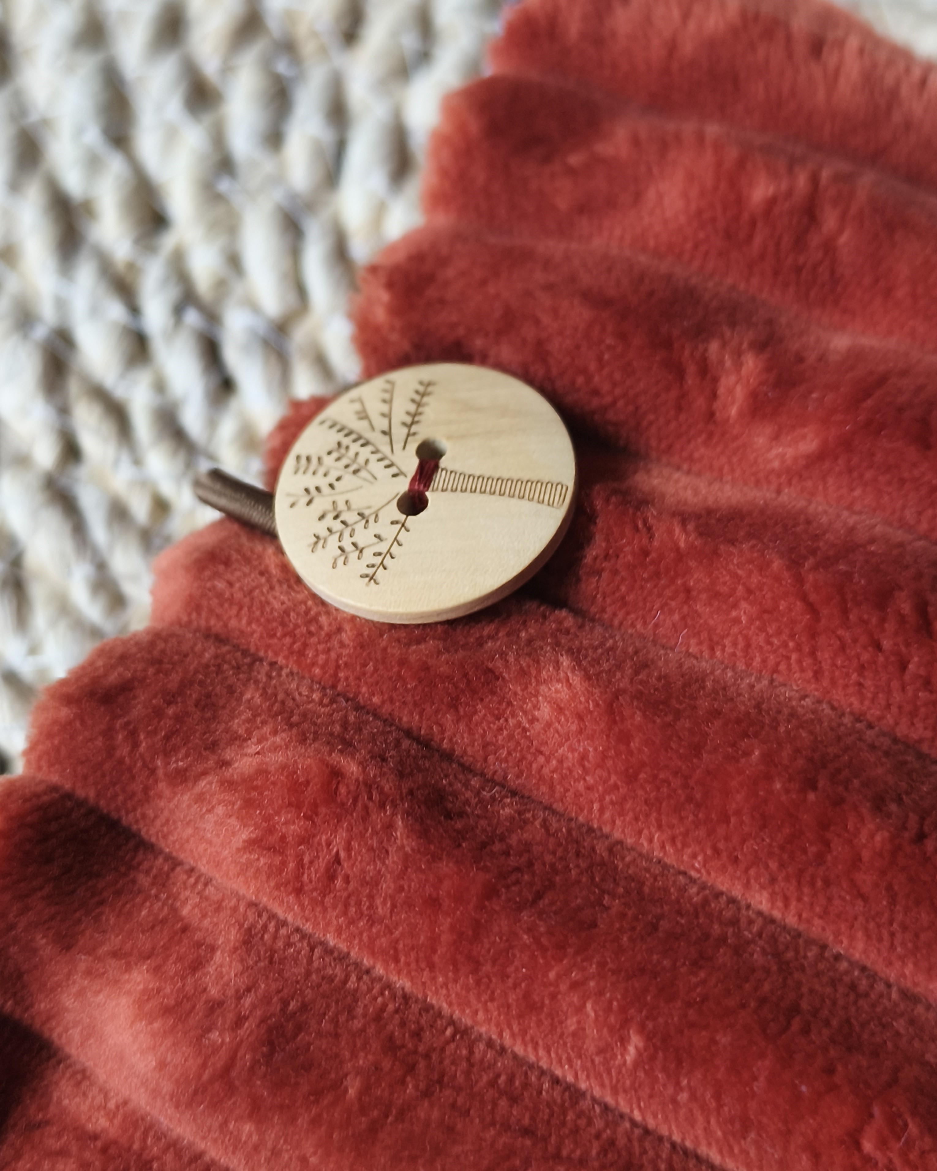 La pochette livre se ferme par une élatique de couleur coordonnées à la pochette et un bouton en bois
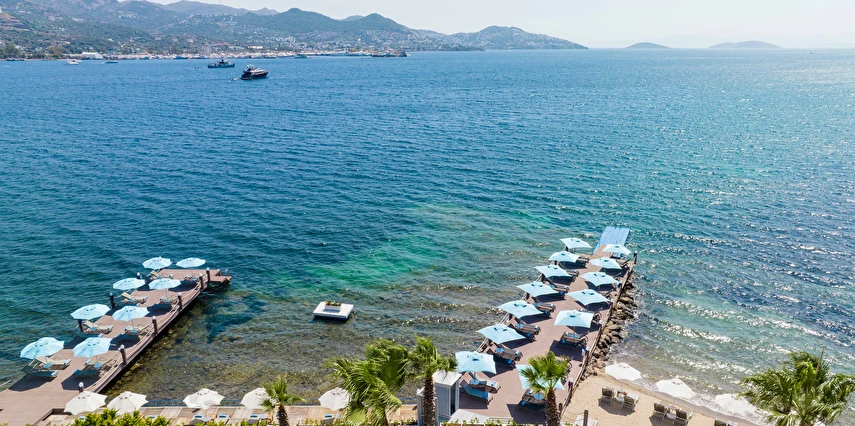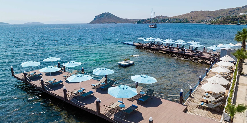 Yalıkavak’ta denize sıfır konumlanan tesis iki adet iskelesinde ve plajında güneş & deniz tutkunu misafirlere keyifli bir ortam sunmaktadır.
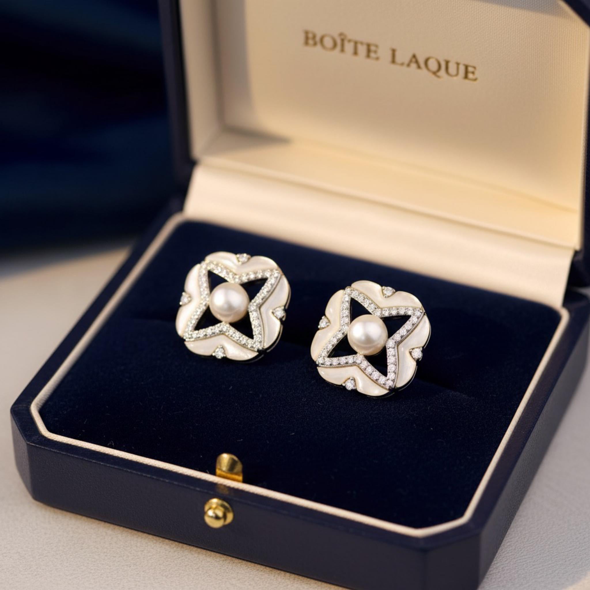 Designed with a soft Parisian elegance, these statement studs bring together natural Akoya pearls and hand-cut mother-of-pearl in a quiet-luxury silhouette. Each pair is crafted in small batches, giving you a piece that feels personal, thoughtful, and beautifully unique.
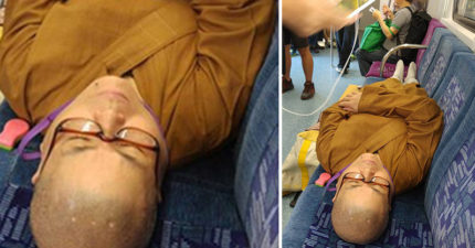 拍到一名和尚在搭車時橫霸4座位,網友:「出家人慈悲,就坐上去吧…」
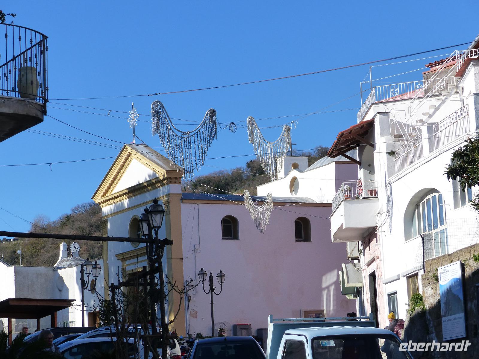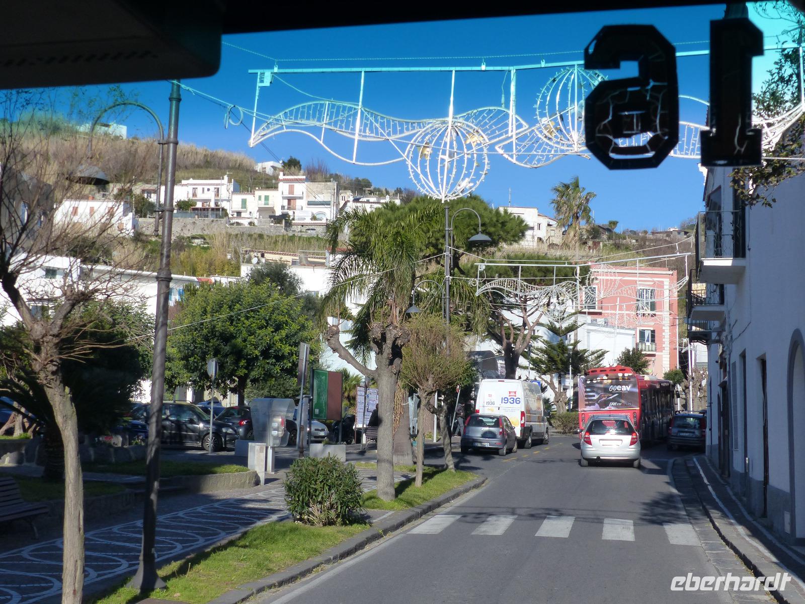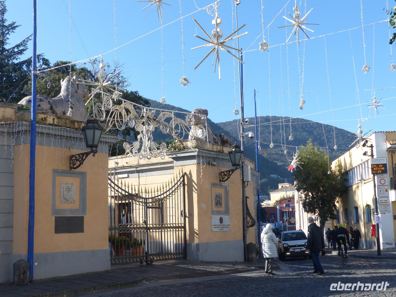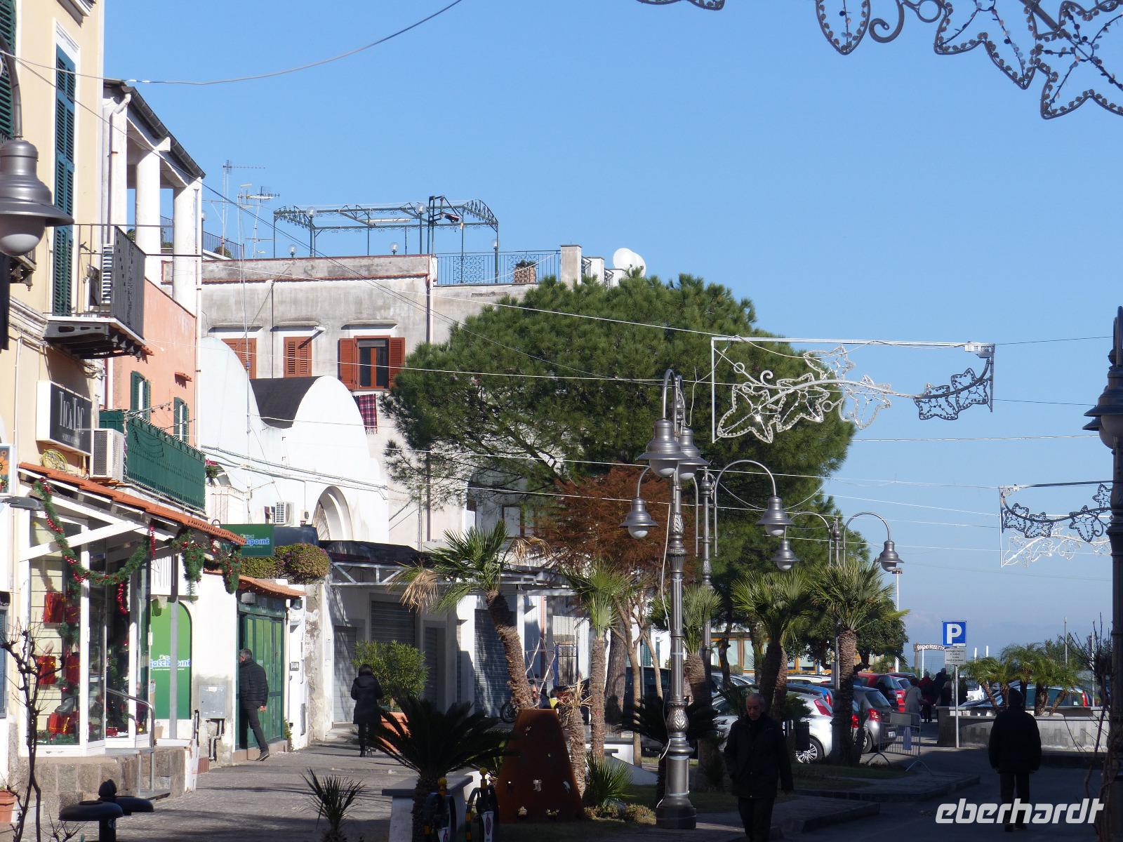 Es ging für die meisten von uns schon sehr früh los, denn viele Gäste flogen oder fuhren von verschiedenen Orten aus morgens nach Frankfurt, von wo aus ein großer Teil der Gruppe am späten Vormittag nach Neapel flog. Dort trafen wir dann noch einige Gäste, die auf anderen Wegen angereist waren. Der Bus brachte uns an den Hafen von Neapel, denn von dort fuhren wir mit dem Schiff nach Ischia. Die Sonne schien aber es war viel kälter als wir erwartet hatten. Ischia empfing uns in der Dämmerung und überall funkelte uns Weihnachtsbeleuchtung entgegen. Sterne, Blumen, Lichtergirlanden in weiß, gelb, rot und blau. Blinkende Lichterbäume und Figuren. Als wir das Hotel erreichten, war bereits die Dunkelheit über Ischia hereingebrochen. Nachdem wir unsere Zimmer bezogen und gegessen hatten fielen wir müde ins Bett. Diese erste Nacht hatte allerdings ihre Tücken denn eine Party versorgte uns zunächst mit Musik. Die meisten Gäste ließen sich nicht stören, aber wer einen leichten Schlaf hat kam erst am späten Abend zur Ruhe. Zum Glück blieb diese Party ein einmaliges Erlebnis, denn den Rest der Woche hatten wir nachts unsere Ruhe.

• • • •

_Problem details_.
Reproduce only the lines from the first line of the listing above up to and including the line that holds "Yalıkavak’ta denize sıfır". Omit the pictures.

_Task output_.
 La pochette livre se ferme par une élatique de couleur coordonnées à la pochette et un bouton en bois
 Yalıkavak’ta denize sıfır konumlanan tesis iki adet iskelesinde ve plajında güneş & deniz tutkunu misafirlere keyifli bir ortam sunmaktadır.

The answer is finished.